BRIEF: With the line containing "Más deportes Los" as the final line, restate exactly every line of the data below from the first one onward, and copy no pictures.

PROVIDED RECORDS:
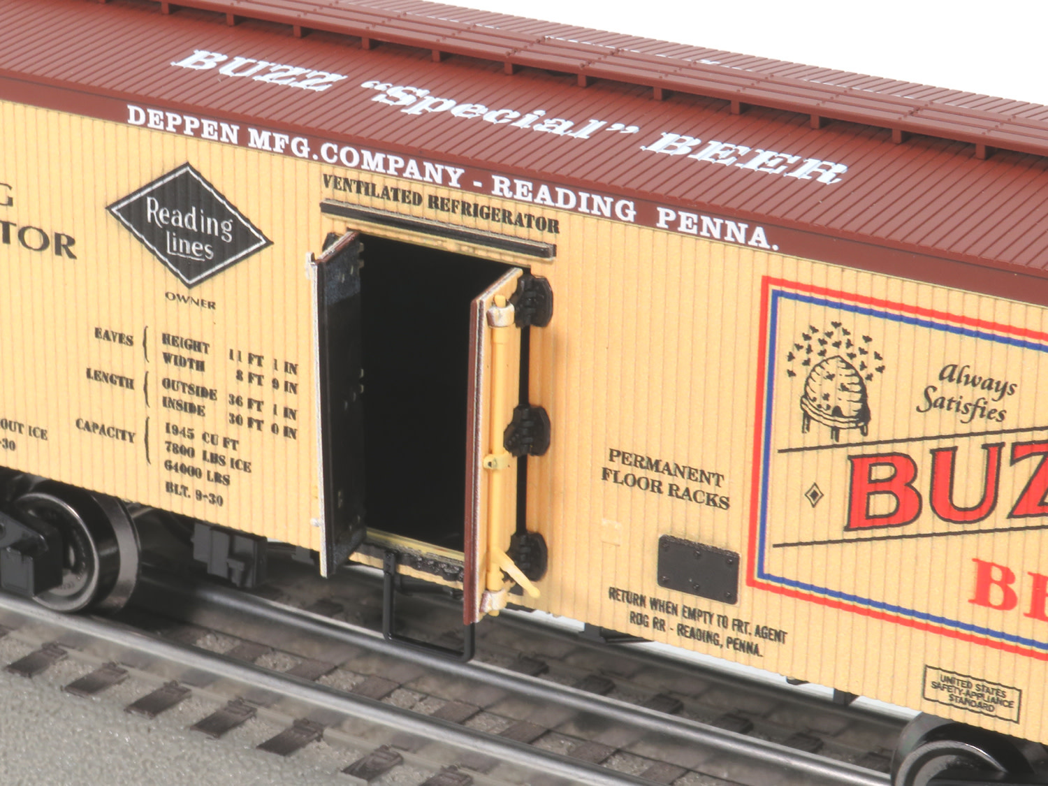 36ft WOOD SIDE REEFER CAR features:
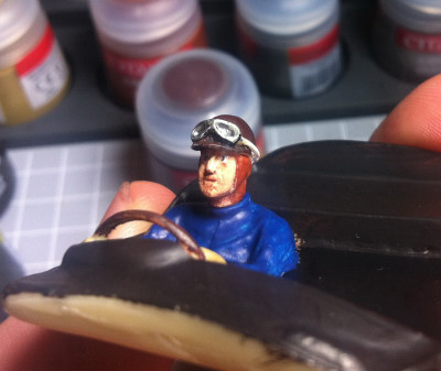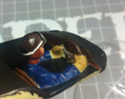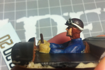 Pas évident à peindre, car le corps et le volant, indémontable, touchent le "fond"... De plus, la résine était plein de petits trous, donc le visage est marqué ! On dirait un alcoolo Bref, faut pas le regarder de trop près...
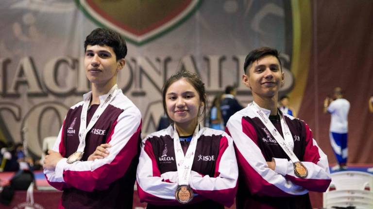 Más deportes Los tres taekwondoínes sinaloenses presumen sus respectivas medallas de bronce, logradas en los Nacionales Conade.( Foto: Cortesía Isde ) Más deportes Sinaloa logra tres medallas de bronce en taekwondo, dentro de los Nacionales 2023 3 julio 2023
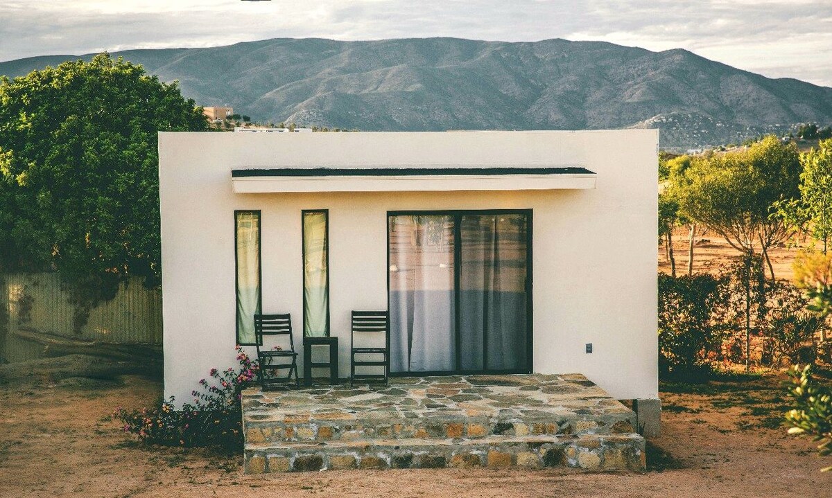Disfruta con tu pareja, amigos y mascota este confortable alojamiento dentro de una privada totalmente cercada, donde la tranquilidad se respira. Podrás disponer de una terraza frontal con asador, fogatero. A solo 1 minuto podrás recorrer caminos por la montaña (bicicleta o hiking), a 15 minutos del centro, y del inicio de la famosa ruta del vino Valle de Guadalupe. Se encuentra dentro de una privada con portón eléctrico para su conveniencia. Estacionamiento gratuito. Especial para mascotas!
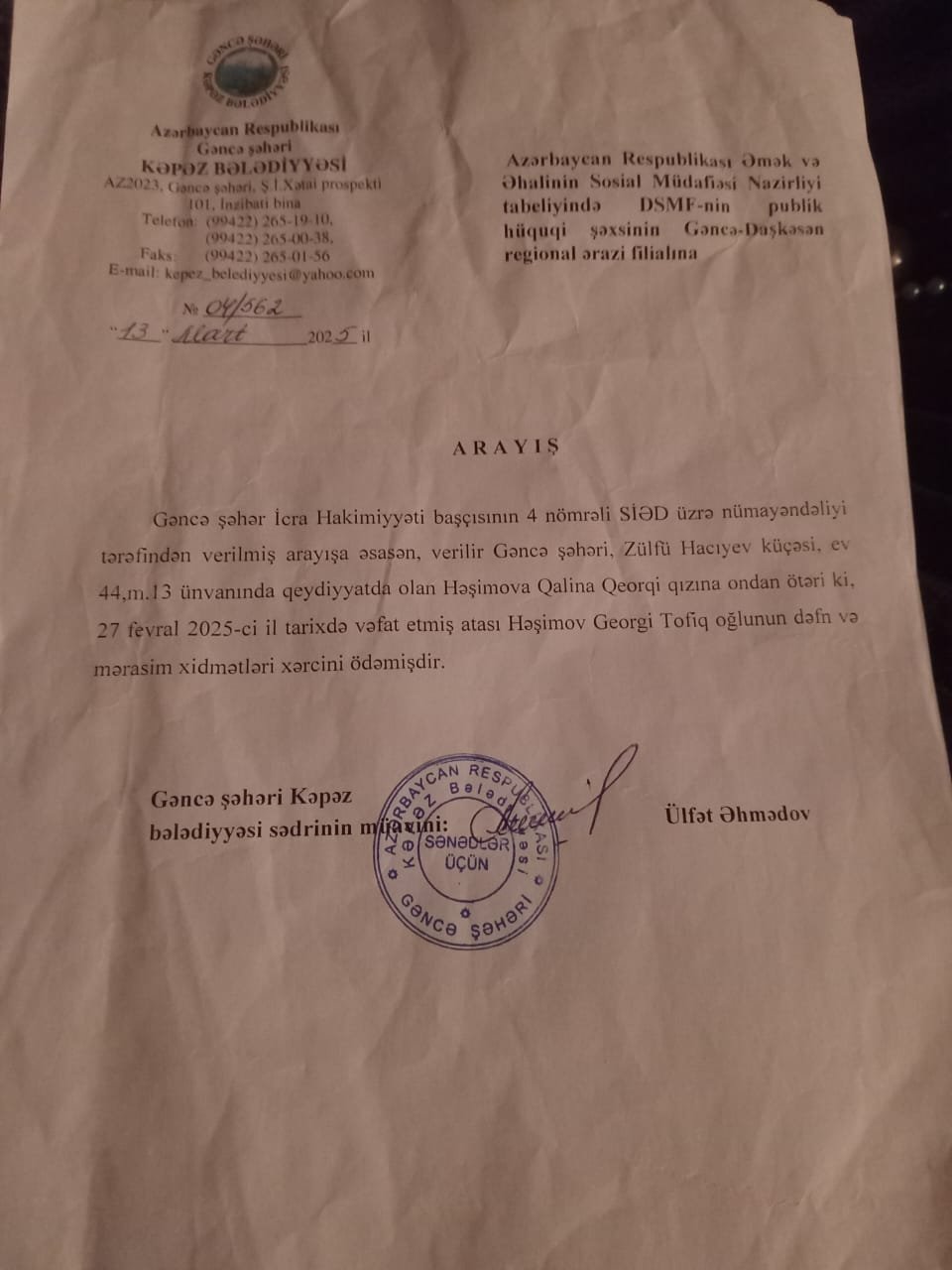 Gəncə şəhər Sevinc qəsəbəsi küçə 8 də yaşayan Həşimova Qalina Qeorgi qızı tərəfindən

OUTPUT FOR THIS TASK:
 36ft WOOD SIDE REEFER CAR features:
 Pas évident à peindre, car le corps et le volant, indémontable, touchent le "fond"... De plus, la résine était plein de petits trous, donc le visage est marqué ! On dirait un alcoolo Bref, faut pas le regarder de trop près...
 Más deportes Los tres taekwondoínes sinaloenses presumen sus respectivas medallas de bronce, logradas en los Nacionales Conade.( Foto: Cortesía Isde ) Más deportes Sinaloa logra tres medallas de bronce en taekwondo, dentro de los Nacionales 2023 3 julio 2023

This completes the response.